To do >> Reproduction of part of the material below, pictures omitted: copy exactly, and only, the lines starting with the one with "一支广告片的知识密集程度令人" and going on through the one with "Por conta do".

Given information >>
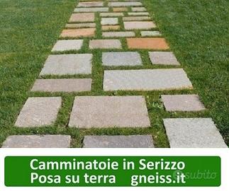 Camminatoie in SERIZZO ,per Viali, Giardini, Camminatoie, ecc. - Ideale per la posa di posa direttamente sulla terra ( fai da te ) - Spessore 3/4/5 cm - -Finitura del piano Grezzo/Taglio Disco o Granigliato - Possibilità di consegna con camion con scarico con gru - Imballo in bancali -Prezzo al mq. da definire in base alle misure richieste
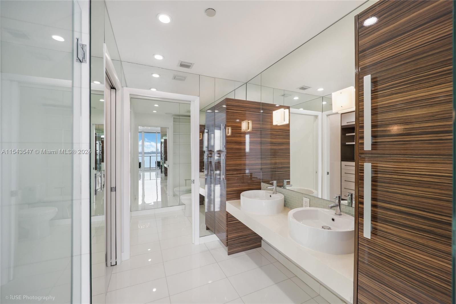 Experience unparalleled luxury living in this Miami gem! Marvel at the breathtaking bay view from your private balcony, with additional sights of South Beach & the Venetian Isles. Floor-to-ceiling windows with custom mirrored walls for panoramic water views. The oversized primary bedroom boasts dual modernized closets, electric blinds, & ensuite bathroom. Elevator access to your private foyer adds exclusivity. Custom lighting fixtures, Sub Zero/Wolf appliances, & a Tesla EV charger in your dedicated parking space complete this opulent package. Indulge in a resort-like lifestyle with amazing amenities, including two pools, hot tub, cabanas with convenient towel service. Fitness & spa, kids' room, library, club room, private conference rooms, & more.
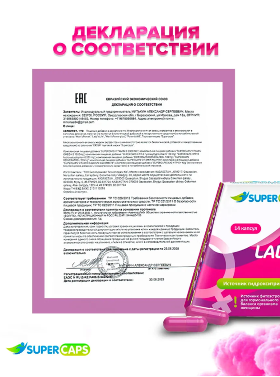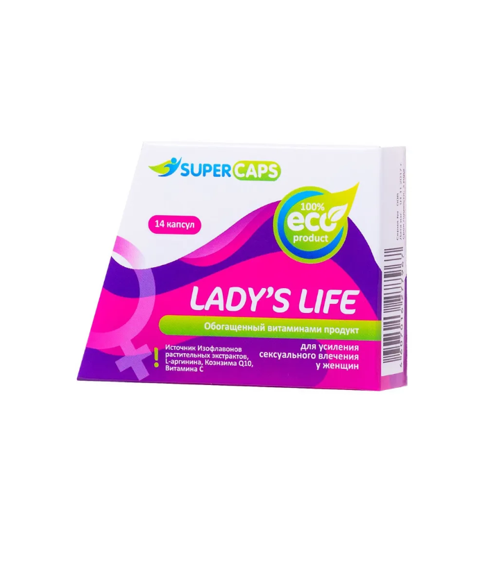 Возбуждающие капсулы ЛэдисЛайф - это комплексный продукт для усиления сексуального влечения у женщин. Содержат только натуральные компоненты обогащенные витаминами (экстракты ортилии однобокой, шиповника, родиолы розовой, корень ашвагандхи, гранулированное семя льна, L-аргинин, Коэнзим Q10). Продукт изготовлен по инновационной технологии гранулирования, с добавлением экстрактов и аминокислот, благодаря этому комплекс натуральных активных веществ оказывает общий тонизирующий эффект, наполняет тело энергией, стимулирует кровеносную систему, включая органы малого таза, обладает противовоспалительным действием. Взаимодействие Q10 и L-аргинина оказывают омолаживающее действие на организм и клетки кожи. Курсовой прием по 1 капсуле в день в течение 14 дней. Для быстрого эффекта принимать 2 капсулы за 1 час до близости.
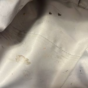 See photos for some pen and gum blemish on the interior. Also a coupe of nail polish marks outside that aren’t very noticeable.
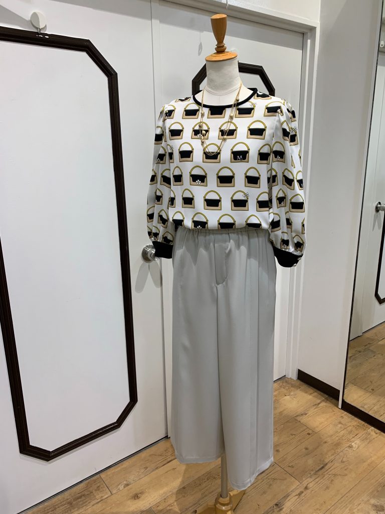 そこで、ちょっと個性的なバック柄のブラウスを選び、それに合わせて、とろみ感のあるワイドパンツでエレガントなドラマティックスタイルに仕上げました。
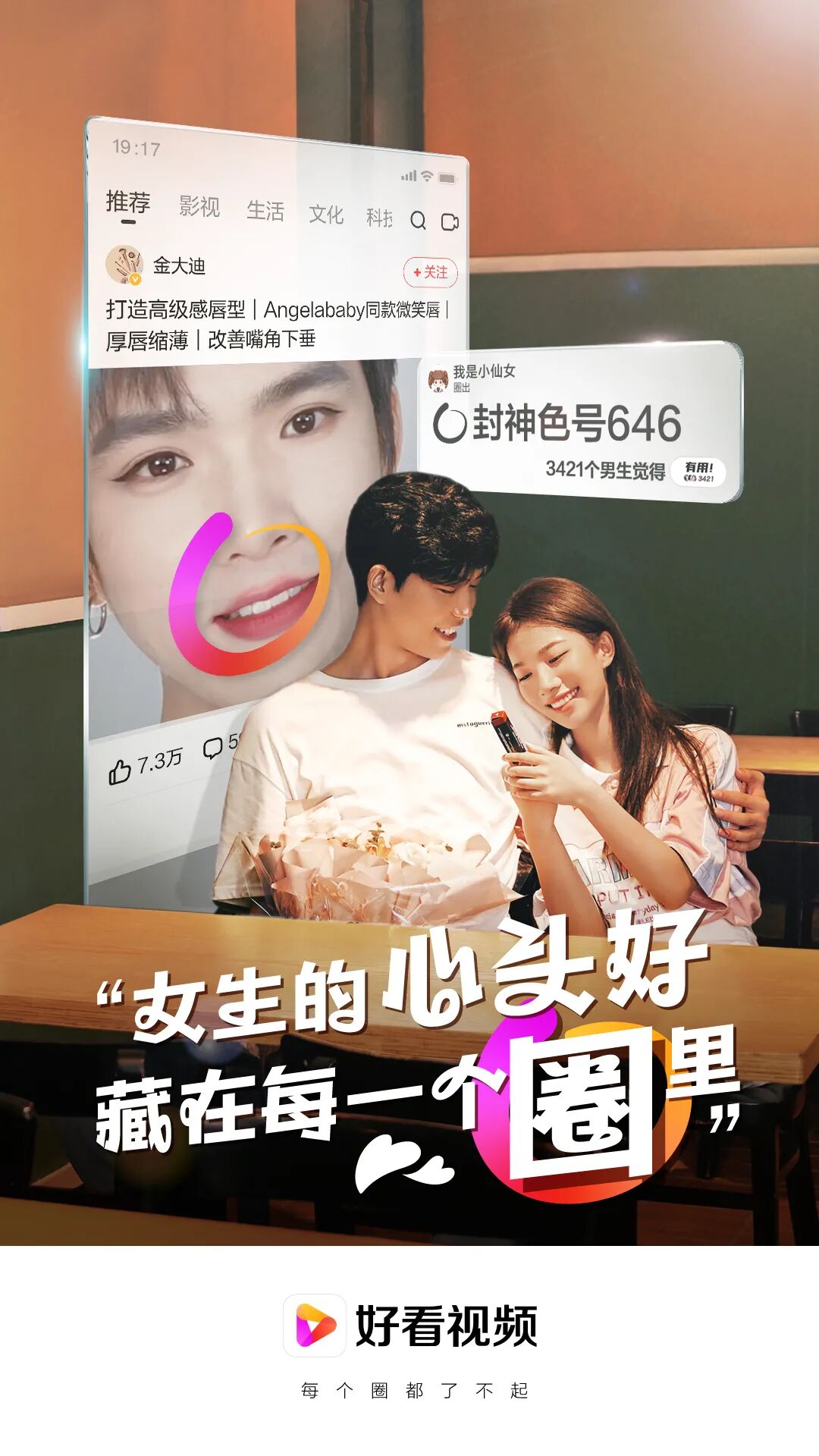 一支广告片的知识密集程度令人目不暇接。想必大家也都注意到了,广告片中那些知识的分享,其实都是基于好看视频推出的“圈一下”新功能。这个功能很适合年轻人,尤其是大学生和白领,涵盖了他们生活的方方面面,从美妆到考研,从刷剧到省钱…可以说包罗万象。
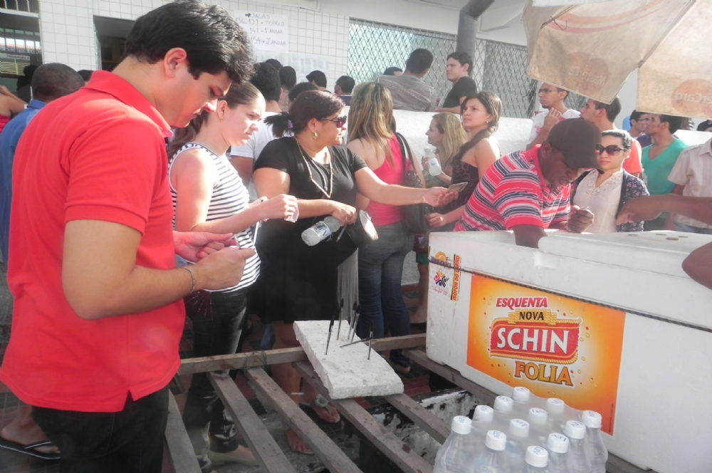 Por conta do edital que determina a utilização de caneta de tinta preta, comerciantes aproveitaram para vender o produto para os candidatos. Quem esqueceu pagou pela caneta que sairia normalmente por R$0,50, o valor de R$ 2.
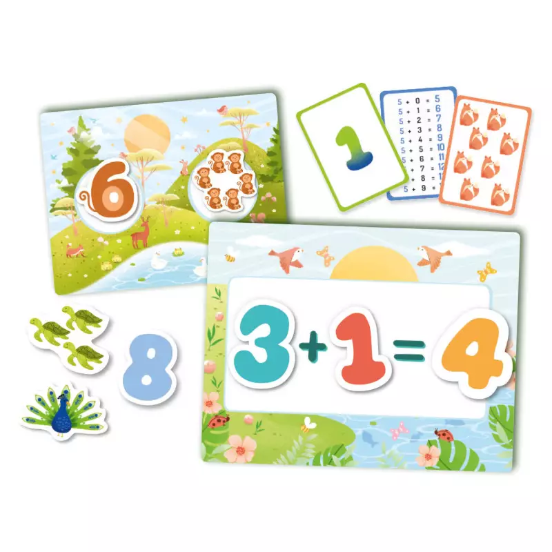 Ce coffret éducatif permet aux enfants de découvrir les chiffres de manière ludique. À travers deux niveaux d’activités, ils associent les chiffres aux nombres d’animaux et commencent à faire leurs premières additions, avec l’aide de cartes-modèles pour guider leur apprentissage.

Response >>
 一支广告片的知识密集程度令人目不暇接。想必大家也都注意到了,广告片中那些知识的分享,其实都是基于好看视频推出的“圈一下”新功能。这个功能很适合年轻人,尤其是大学生和白领,涵盖了他们生活的方方面面,从美妆到考研,从刷剧到省钱…可以说包罗万象。
 Por conta do edital que determina a utilização de caneta de tinta preta, comerciantes aproveitaram para vender o produto para os candidatos. Quem esqueceu pagou pela caneta que sairia normalmente por R$0,50, o valor de R$ 2.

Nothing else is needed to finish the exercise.